Stored items from a collection:
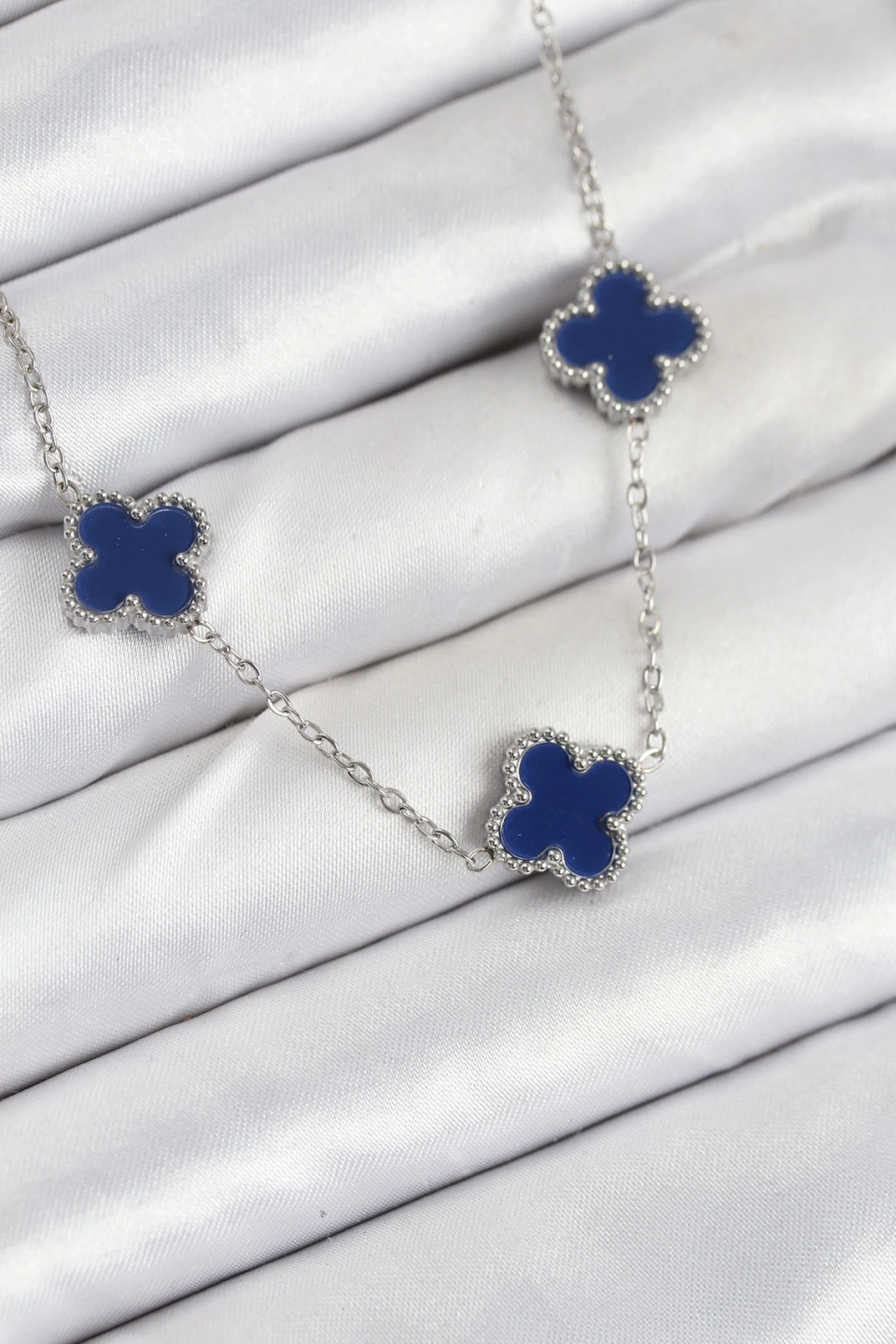 316L Çelik Zincir Gümüş Lacivert Renk Yonca Kadın Kolye
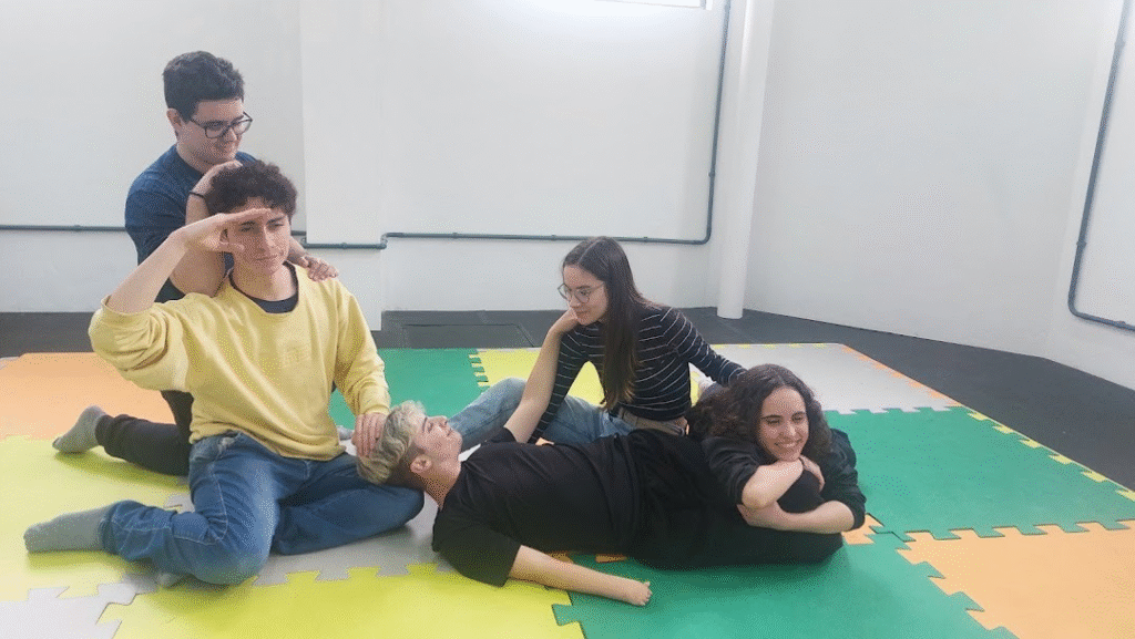 “A parceria com o Teatro foi fundamental para encontrar uma linguagem acessível para trabalhar com educação para saúde com crianças e adolescentes, tratando de temas mais sérios de um modo lúdico”, explica Dinarte. A abordagem acontece em encontros que combinam rodas de conversa e jogos teatrais, criando um espaço seguro para reflexão, expressão e movimento. Em 6 encontros de noventa minutos, alunos são convidados a pensar, sentir e se expressar corporalmente sobre temas que, muitas vezes, não encontram espaço na rotina escolar tradicional. Segundo Marina, participaram do projeto cerca de 40 alunos ao todo. “Os alunos nem sempre eram os mesmos, nas rodas. Cada roda tinha aproximadamente 20 alunos. Ela é pensada idealmente para esse número, já que a ideia é haver um espaço efetivo de troca, em roda”, afirma a professora.
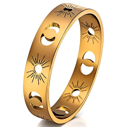 Generic - خاتم بتصميم رمز الشمس، خاتم بسيط وجريء من الفولاذ المقاوم للصدأ بتصميم كوني مقاوم للماء للعرائس الباحثين عن قطعة زفاف مميزة وغير تقليدية
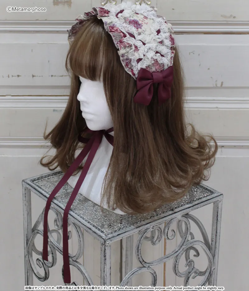 ゴブランブーケ レースフリルヘッドドレス えんじ系
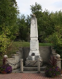 gegenüber der Kirche; schlanke Säule, an drei Seiten Gedenktafeln und Inschriften
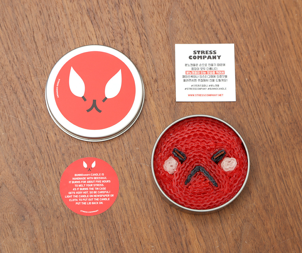 "그 회사에서는 나처럼 고통받는 직장인들을 위해서 스트레스를 풀어주는 상품을 만드는 거야!"라고 생각한 지 5년 뒤 저는 정말로 만들어내었습니다. 뭐를? 스트레스컴퍼니를." 그렇게 시작된 스트레스컴퍼니의 첫 번째 상품이 바로 쌍심지를 켜고 나 대신 화를 내주는 분노 캔들입니다.
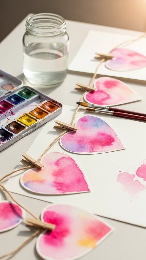 Watercolor hearts allow soft blends and artistic variations. This garland looks hand-painted and elegant.
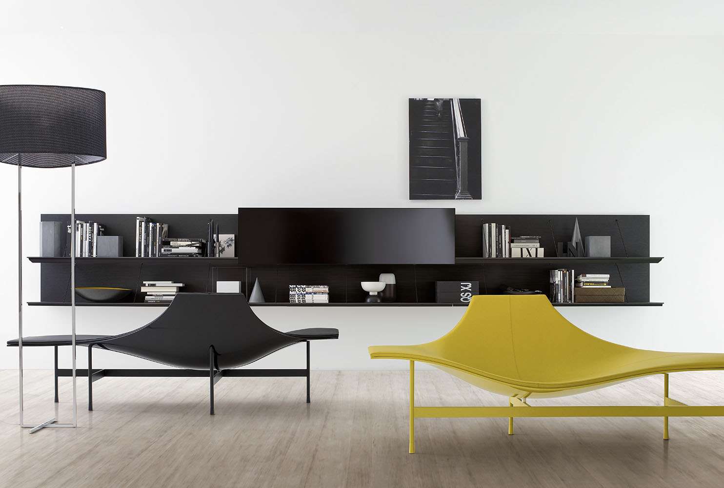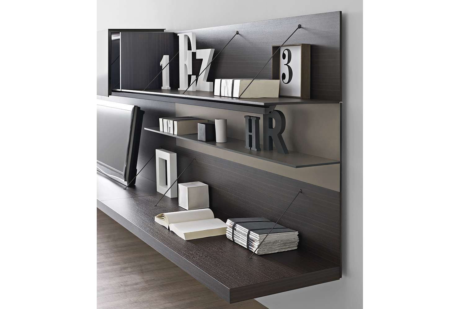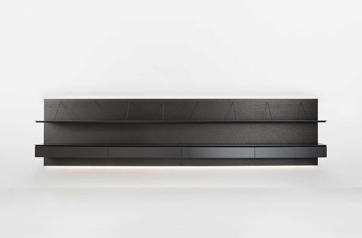 Pab<パブ>は、素材や技術を駆使した複雑なデザインから生まれたウォールシステムです。このプロジェクトは、シェルフという概念を中心に展開しています。これは、本棚や天板として使用するために、シートを半分に折り、軽い紐で固定するという非常にシンプルなアイデアに基づいてデザインされています。二つ折りにしたシートを紐で縛り、本棚や天板として使用するという非常にシンプルなアイデアに基づいてデザインされました。このように、シェルフを利用してストレージユニットのコンセプトを発展させ、シンプルな美しさ、実用性、使いやすさ、上質なディテールに基づいた現代的なデザインを実現しています。シェルフのほかにも、収納ニーズに合わせたトラディショナルなユニットや、引き出しの付いた多目的ベンチなどがあります。仕上げや色調の豊富な選択肢と、さまざまな家具の要素により、数え切れないほどの個性的な構成やソリューションを実現しています。
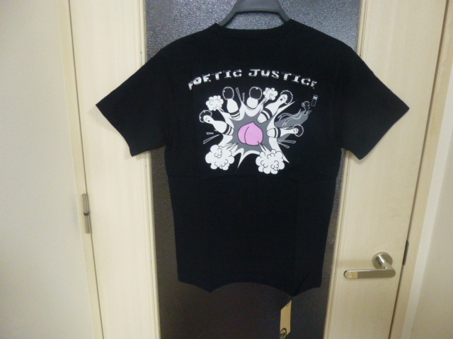 新品桃太郎ジーンズPOETIC JUSTICEジンバブエコットンボーリングプリントTシャツ黒
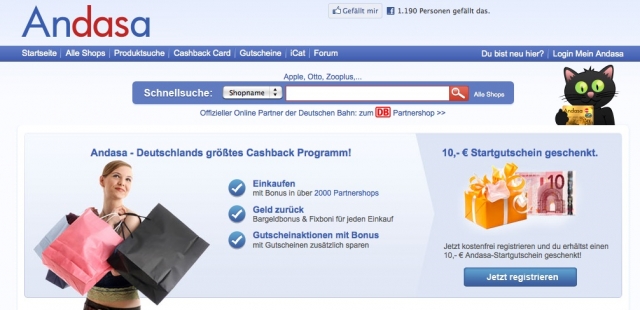 Andasa ist mit mehr als 2000 Shops Deutschlands größtes Cashback Programm. Das Portal bietet einen tagesaktuellen Gutschein Blog, Übersichten über versandkostenfreie Shops, Shops mit dem Trusted Shops® Siegel und tägliche Sonderangebote. Registrierte Nutzer können sich jeden Einkauf mit 2% Bargeldbonus vergüten lassen, der ab einem Betrag von 30 Euro auf das Konto des Nutzers überwiesen wird. Gutscheine, Rabatte und Sonderaktionen sind mit dem Bargeldbonus kombinierbar. Andasa zahlt ein Startguthaben von 10 Euro und einen Extrabonus für geworbene Freunde. Die Nutzung ist kostenlos.

WHAT IS NEEDED:
Using the entries above, reproduce word for word only the lines from the one that contains "gegenüber der Kirche;" to the one that contains "내주는 분노 캔들입니다.", both ends included, and drop every picture.

FINAL ANSWER:
 gegenüber der Kirche; schlanke Säule, an drei Seiten Gedenktafeln und Inschriften
 "그 회사에서는 나처럼 고통받는 직장인들을 위해서 스트레스를 풀어주는 상품을 만드는 거야!"라고 생각한 지 5년 뒤 저는 정말로 만들어내었습니다. 뭐를? 스트레스컴퍼니를." 그렇게 시작된 스트레스컴퍼니의 첫 번째 상품이 바로 쌍심지를 켜고 나 대신 화를 내주는 분노 캔들입니다.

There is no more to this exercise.